▶ Work to be completed
Retype, without changes, every line from the line that contains "Fimap 앱을 사용하면" through the final line of the records. Exclude pictures.

▶ Given records

====

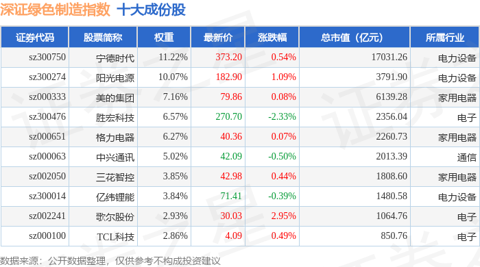 深证绿色制造(970069)指数十大成份股详情如下:
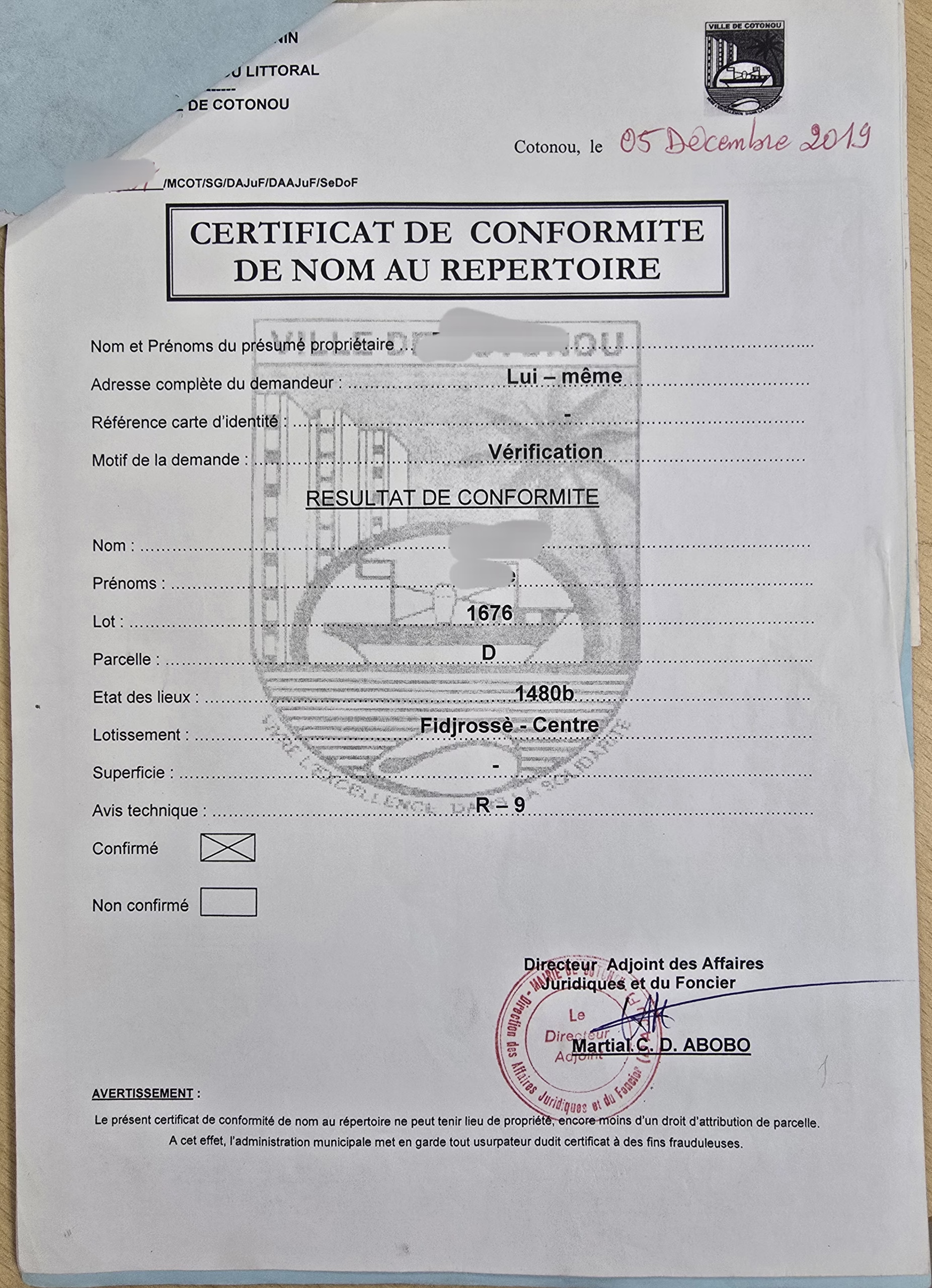 Titre de propriété : TITRE FONCIER PERSONNEL encours – ATTESTATION DE RECASEMENT disponible
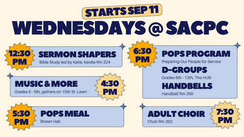 Come celebrate the end of summer and get plugged in with all the things happening in and with SACPC this fall! There will be food, games, prizes, and a special mission project. Find your people and maybe your purpose in serving in our ministries.
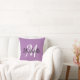 Throw pillow with a purple background and white custom monogram first initial and first name.
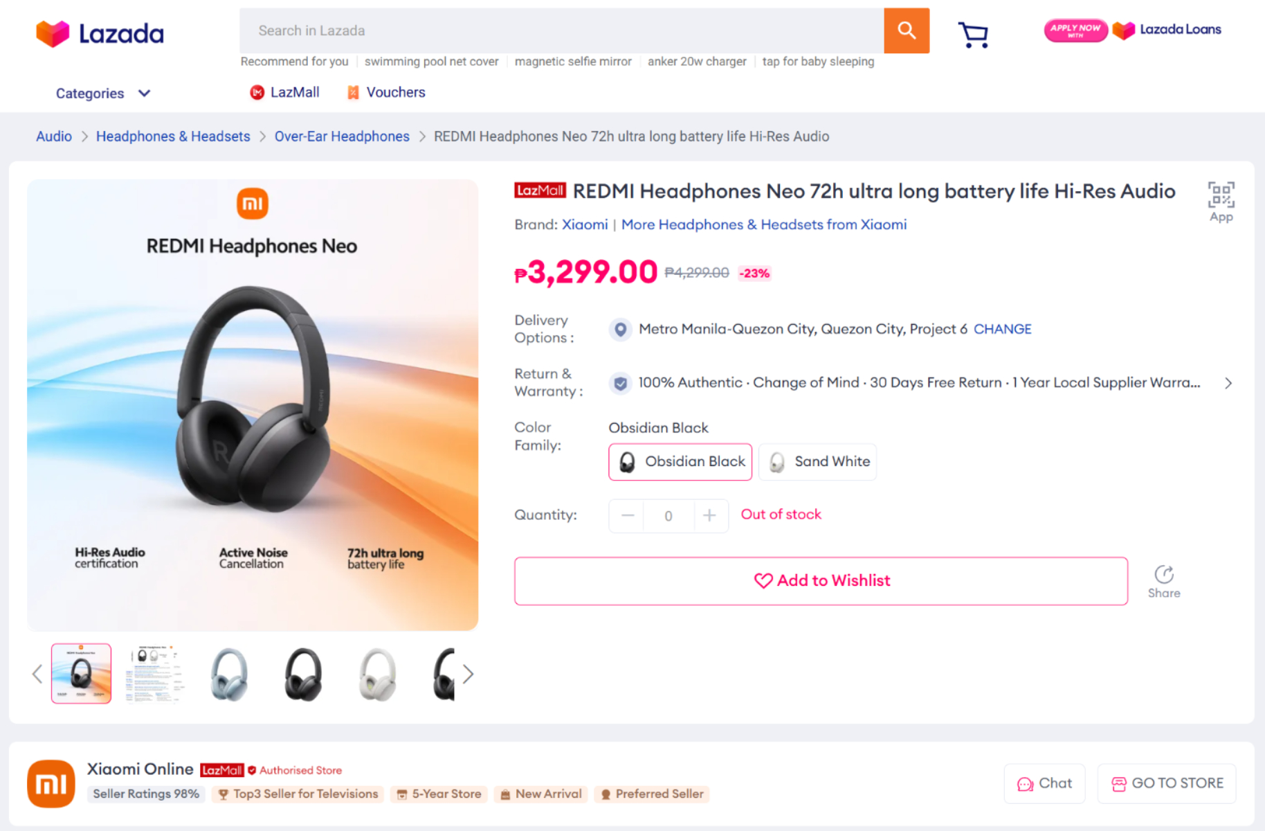Xiaomi zal de Redmi Headphones Neo in eerste instantie uitbrengen in de kleuren Obsidian Black en Sand White. Zoals de afbeeldingen hieronder laten zien, heeft Lazada de Redmi Headphones Neo geprijsd op PHP 3.299 (~$55) in de Filippijnen, afgeprijsd van PHP 4.299 (~$70). Ondertussen heeft Diglex Electronics dezelfde hoofdtelefoon genoteerd voor $36,70, maar met een minimale bestelhoeveelheid van 100 stuks.
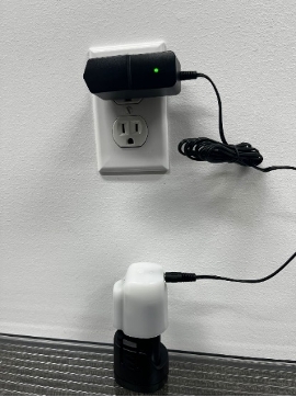 | Adaptor: Connects to the wall charger. The battery plugs into this adaptor. |
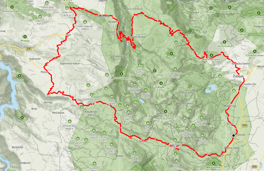 Ako je sportski osećaj ispunjenog cilja dominantna emocija – vožnja bicikla u dugom junskom danu bi bila pun pogodak. Durmitorski prsten je dug 84 kilometra sa 2000m ukupne visinske razlike.
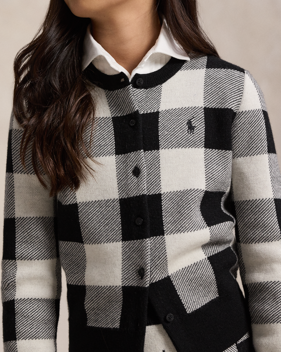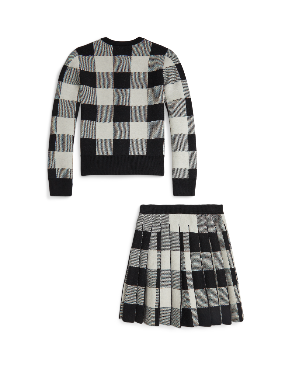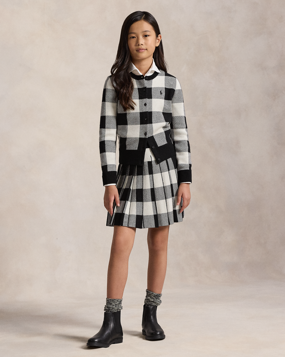 这款可爱的套装选用轻盈的羊毛面料制成,饰有野牛格纹图案,开襟衫配有混搭纽扣,下裙饰有褶裥,是天气转凉时的理想之选
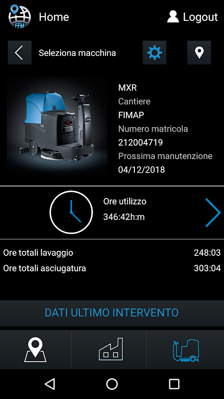Fimap 앱을 사용하면 항상 차량을 제어 할 수 있습니다. FFM-Fimap Fleet Management 서비스는 기계에서 전송 된 데이터를 수집하여 Fimap 앱으로 전송하여 발생하는 모든 사항에 대해 실시간으로 업데이트하므로 서비스를 개선하고 고객에게 적시에 지원을 제공 할 수 있습니다.
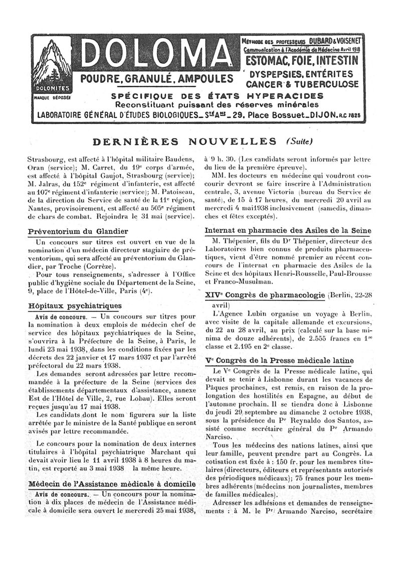 1938, n° 108, partie paramédicale. -
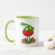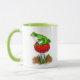 Cute hand drawn frog art. Green frog on a whimsical red mushroom.
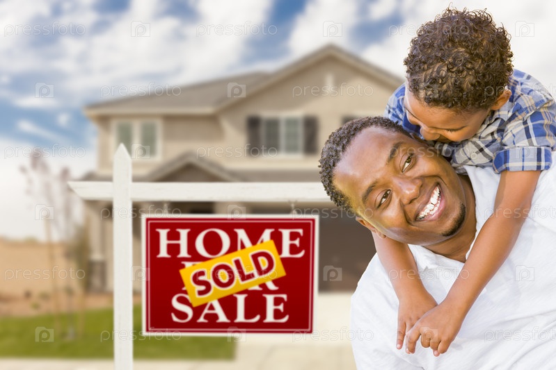 Отец и сын перед домом со знаком о продаже
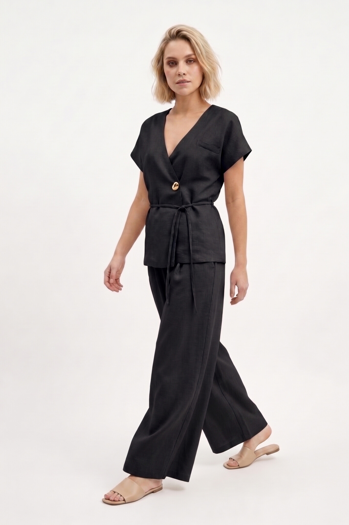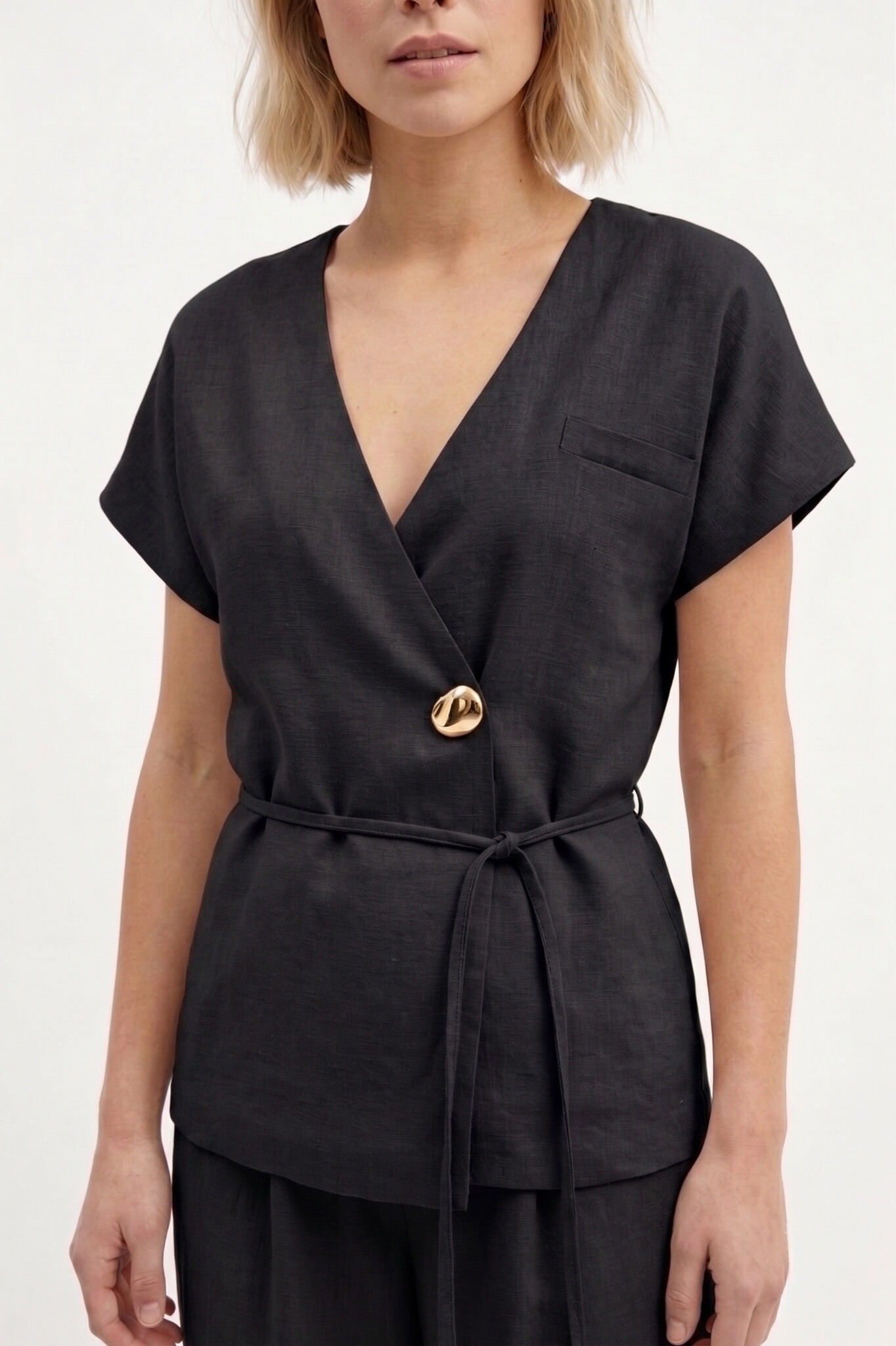 Viscose gilet blouse zwart
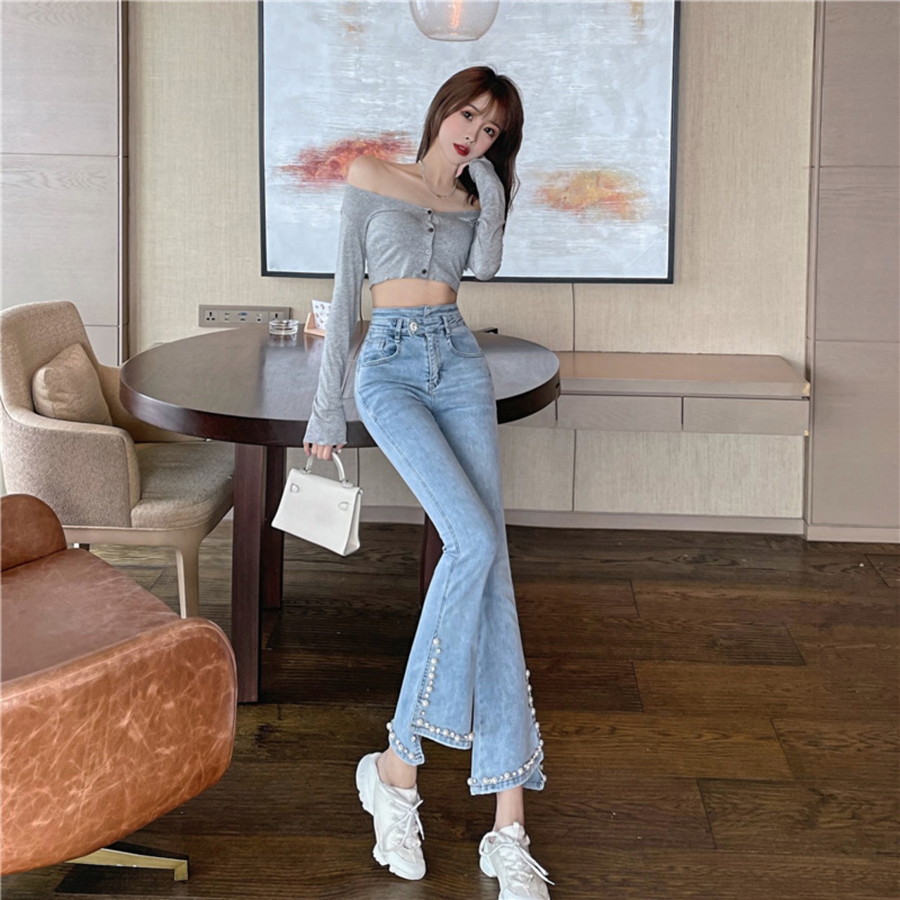 パンツ ズボン Gパン ロング ロング丈 細身 裾フレア ポケット デニム ブルーデニム パール スリット サイドスリット ハイウエスト シンプル カジュアル おしゃれ お洒落 かっこいい レトロ こなれ感 ラフ メンズライク 抜け感 カレッジ風 学生風 アメリカン風 アメリカン風 無地 春 夏 秋 10代 20代 30代 レディース 女性用 ユニセックス 学生 お出かけ 休日 運動 スポーツ アウトドア キャンプ イベント リゾート 海 ショッピング 着回し 普段使い 韓国系 美脚 脚長 トレンド | Ritta

====

▶ Expected answer
Fimap 앱을 사용하면 항상 차량을 제어 할 수 있습니다. FFM-Fimap Fleet Management 서비스는 기계에서 전송 된 데이터를 수집하여 Fimap 앱으로 전송하여 발생하는 모든 사항에 대해 실시간으로 업데이트하므로 서비스를 개선하고 고객에게 적시에 지원을 제공 할 수 있습니다.
 1938, n° 108, partie paramédicale. -
 Cute hand drawn frog art. Green frog on a whimsical red mushroom.
 Отец и сын перед домом со знаком о продаже
 Viscose gilet blouse zwart
 パンツ ズボン Gパン ロング ロング丈 細身 裾フレア ポケット デニム ブルーデニム パール スリット サイドスリット ハイウエスト シンプル カジュアル おしゃれ お洒落 かっこいい レトロ こなれ感 ラフ メンズライク 抜け感 カレッジ風 学生風 アメリカン風 アメリカン風 無地 春 夏 秋 10代 20代 30代 レディース 女性用 ユニセックス 学生 お出かけ 休日 運動 スポーツ アウトドア キャンプ イベント リゾート 海 ショッピング 着回し 普段使い 韓国系 美脚 脚長 トレンド | Ritta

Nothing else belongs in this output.